Thanksgiving in the United States has become an important holiday in NHL circles because it provides a regular-season marker that allows teams to gauge their playoff viability. Roughly 75 percent of teams in a playoff spot at Turkey Day end up qualifying for the postseason, and teams within a handful of points of a playoff spot retain a pretty decent chance of pushing their way in. 

But Thanksgiving is also a great time for teams like the Bruins to also give thanks, just like everybody else, while they’re passing the turkey, the stuffing and the mashed potatoes.

Given that it’s the time of being thankful ahead of the holiday season, here is this humble hockey writer’s annual list of things that each member of the Bruins has to be thankful for as they sit down to enjoy a tryptophan-induced nap:
 
David Pastrnak – The 21-year-old is still thankful for the big bucks he signed for this fall . . . $40 million, to be exact. That should keep him in $8 sushi meals at the mall food court for as long as he wants them.
 
Brad Marchand –Marchand is thankful he finally got bumped up to the top power-play unit over the last couple of seasons, after Claude Julien really dragged his feet putting him there. Eleven power-play goals and 29 power-play points in his last 94 games certainly tell the story.
 
Patrice Bergeron – Bergeron is happy and thankful that he’s regained his health after missing the start this season, and that he’s been able to adequately handle the 21:01 of ice time he’s averaging per game.
 
Torey Krug – Krug is thankful he can again eat a nice steak dinner after being forced to have his food come out of a blender for months after fracturing his jaw during the preseason. Of course, that goes for a nice turkey dinner on Thanksgiving as well.
 
Danton Heinen – The 22-year-old is thankful for second chances after he whiffed during an eight-game audition last season in his first year of pro hockey. He’s making up for it by cementing a role with the Bruins this season now that he’s stronger, faster and a little more confident with the puck.
 
Charlie McAvoy – The 19-year-old defenseman is thankful he decided to leave BU after his sophomore season, making the very correct deduction that he was way more than ready for the NHL. If he plays his cards right, he may be thankful at the end of the season for a Calder Trophy.
 
Anders Bjork – The rookie is thankful that the B’s will be playing the Chicago Blackhawks in the Winter Classic at his alma mater, Notre Dame, next season. He may get to live out a lifelong dream of playing a hockey game on that iconic football field.
 
Jake DeBrusk – The rookie left winger is thankful that he got to score his first NHL goal in front of his family and his teary-eyed dad, Louie, during a pretty cool opening-night win over the Nashville Predators.
 
Tim Schaller – The New Hampshire native is thankful to be playing for his hometown hockey team, of course, but he’s more than just a local boy made good. Tim Schaller has been a positive factor for the bottom-6 with his size, speed and intermittent offense.
 
Zdeno Chara – The captain is thankful that both he and his employer agree that the 40-year-old D-man should continue playing for the Bruins beyond this season.
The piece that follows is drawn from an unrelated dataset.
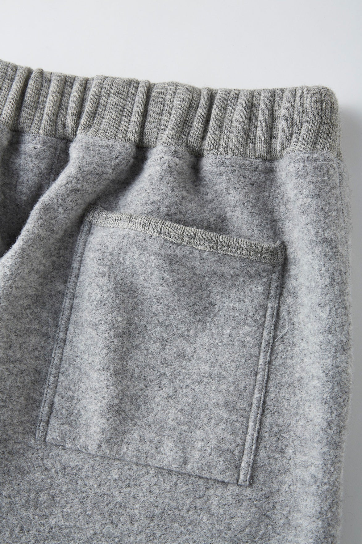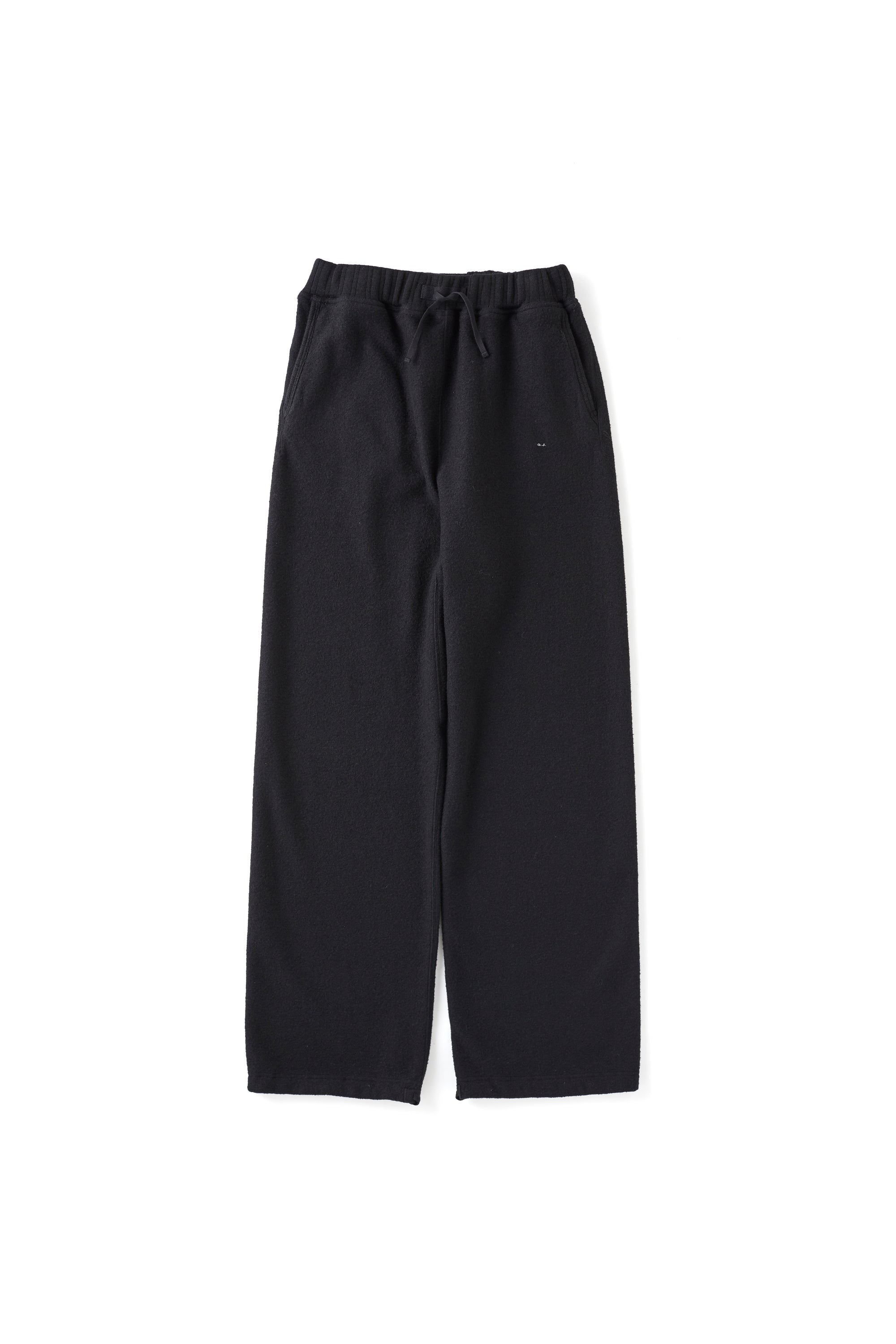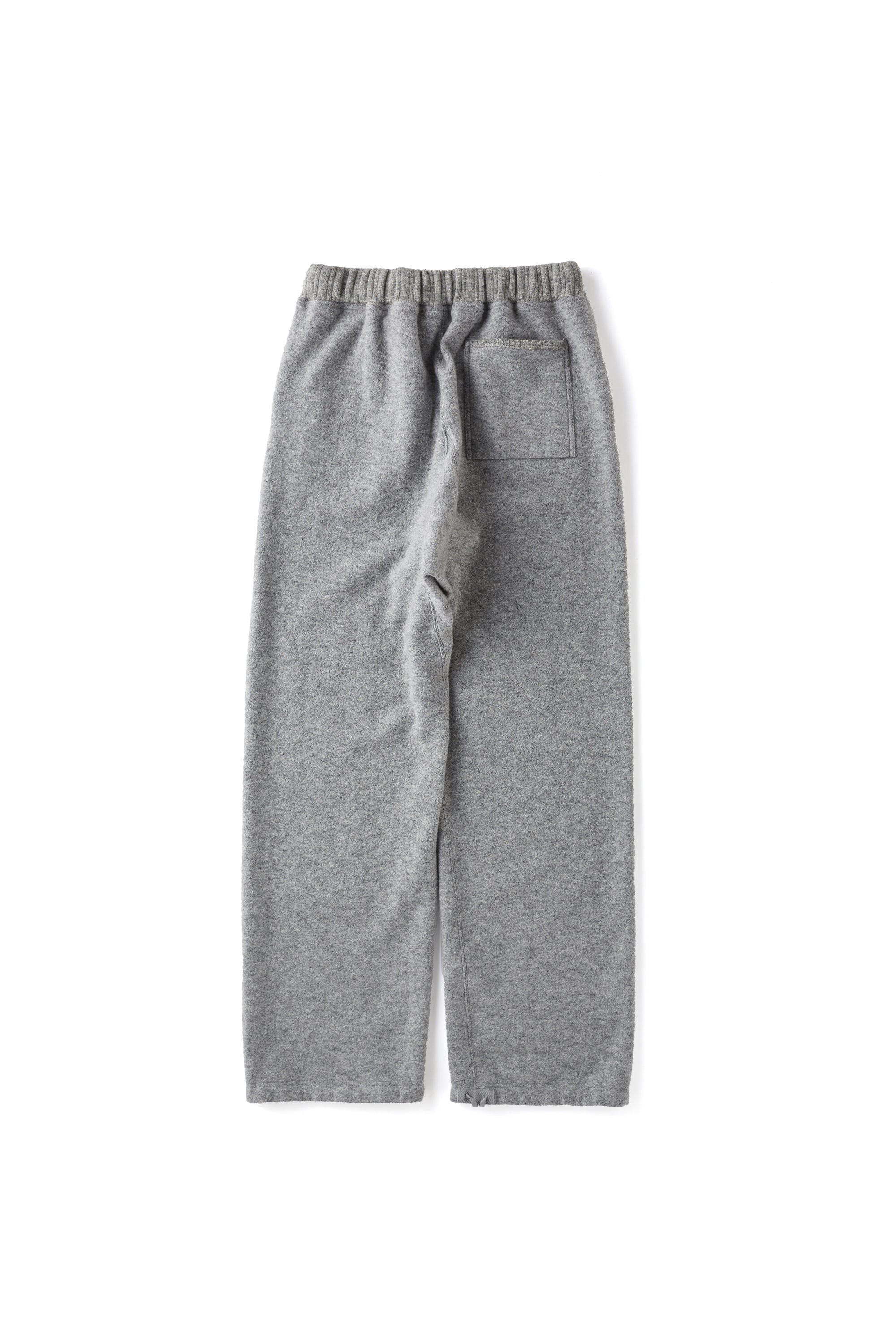 ウエストと裾に配されたドローコードでシルエットをアレンジすることができるスウェットパンツ。古き良きアスレチックウェアのディテールと、昔ながらのユニークなカッティングラインが雰囲気を盛り上げる。ファンシーウールヤーンで編み立てたマテリアルは、上質な質感と心地よい肌触りが特徴的。またテーラーメイドのシャツに施されるような上品なイニシャル刺繍がクラシカルな雰囲気を盛り上げる。ウール繊維をリング状に整形したファンシーヤーンを使用し、12Gで編み上げたウールリング。リングヤーンならではのふっくらとした表情が魅力。ボリュームのあるリングヤーンで編んだふっくらとした天竺に、フライス加工を施して高密度にすることで、しっかりと厚みのある素材に仕上げた。

Now it’s just a matter of agreeing on a contract at some point.
 
David Krejci – The playmaking center is thankful his cranky back has loosened up enough for him to get back in the lineup. Now the Bruins and their fans would be thankful if the points would start to follow now that he’s healthy enough to play.
 
Riley Nash – The forward is thankful that the B's thought enough of him to protect him in the expansion draft last summer, a show of commitment to a versatile, smart player who does a lot of little things well.
 
Sean Kuraly – The young center is thankful that he hasn’t yet hurt himself taking the jumping, flying and leaping goal celebrations that he’s quickly becoming known for.
 
Kevan Miller – The defenseman is thankful he’s back playing his natural right side for the most part after being pushed into left-side duty for much of the first couple of months this season.
 
Brandon Carlo – The second-year defenseman is thankful to still be on the Bruins, and not used as possible trade collateral in a possible Matt Duchene deal that was discussed quite a bit last year and through the summer.
 
Jordan Szwarz – The 26-year-old forward is thankful for another NHL opportunity in Boston after he’d gone a couple of years without a sniff during his time in the Arizona Coyotes organization after some early games with them.
 
Frank Vatrano – The Bruins forward and East Longmeadow native should frankly be happy that he’s still in the NHL given the training camp and early season he had with the Bruins. He’s scored a couple of goals and played well lately, so he has to hope that he’s pushed through the bad times.
 
Noel Acciari – The Providence College alum is happy to be healthy again after missing a month with a broken finger, and he’s proven that by going right back to the heavy hitting, shot-blocking tough kid that he’s always been.
 
Ryan Spooner – The speedy playmaker is thankful to be over his torn groin. He needs a strong season in order to once, and for all, show exactly what he could be to the Bruins, or some other team, at the NHL level.
 
Adam McQuaid – The veteran defenseman is thankful that he wasn’t selected by the Vegas Golden Knights in the expansion draft last summer, and instead continues to be a strong, robust presence in the D-zone when healthy.
 
David Backes – The 33-year-old forward is thankful to be back skating again after a couple of painful  bouts with diverticulitis that left him in surgery with 10 inches of his colon being removed. I'm still amazed that he returned to practice as quickly as he did, but he is a hockey player after all.
 
Paul Postma – The  D-man is thankful to be getting a second chance with another organization after spending his entire career with the Atlanta Thrashers/Winnipeg Jets.
 
Matt Beleskey – The winger is thankful that he’s getting a chance to bounce back from last year’s down season, but so far the zero points and minus-7 rating in 13 games leave lots of room for improvement.
 
Tuukka Rask – The No. 1 goaltender is thankful for all the rest he’s getting in the first half of the season, which should presumably make him healthy, fresh and strong down the stretch this season. That is, if he can actually get back in touch with a game that sees him with a turkey-like .897 save percentage right now.  
 
Anton Khudobin – The backup netminder is thankful he’s been given a chance to run with things this season as he’s already twice had a chance to start three games in a row after struggling to gain regular playing time last season.
 
Bruce Cassidy – The coach is thankful for another shot behind an NHL bench 13 years after the first one, and he’s making the most of it with a rag-tag group beset by injuries and youth right now.
 
Don Sweeney – The general manager is thankful the team is still within a handful of points of a playoff spot after everything that went wrong in the first couple of months.
 
Cam Neely – The tean president is thankful for the overwhelming talent within their youth movement and the strong, loyal fan base that backs this team no matter what. But it could be a bit of a rough ride ahead, as the B's rank fourth among the big four Boston sports teams, given how good, deep and close to championship-caliber the others are right now.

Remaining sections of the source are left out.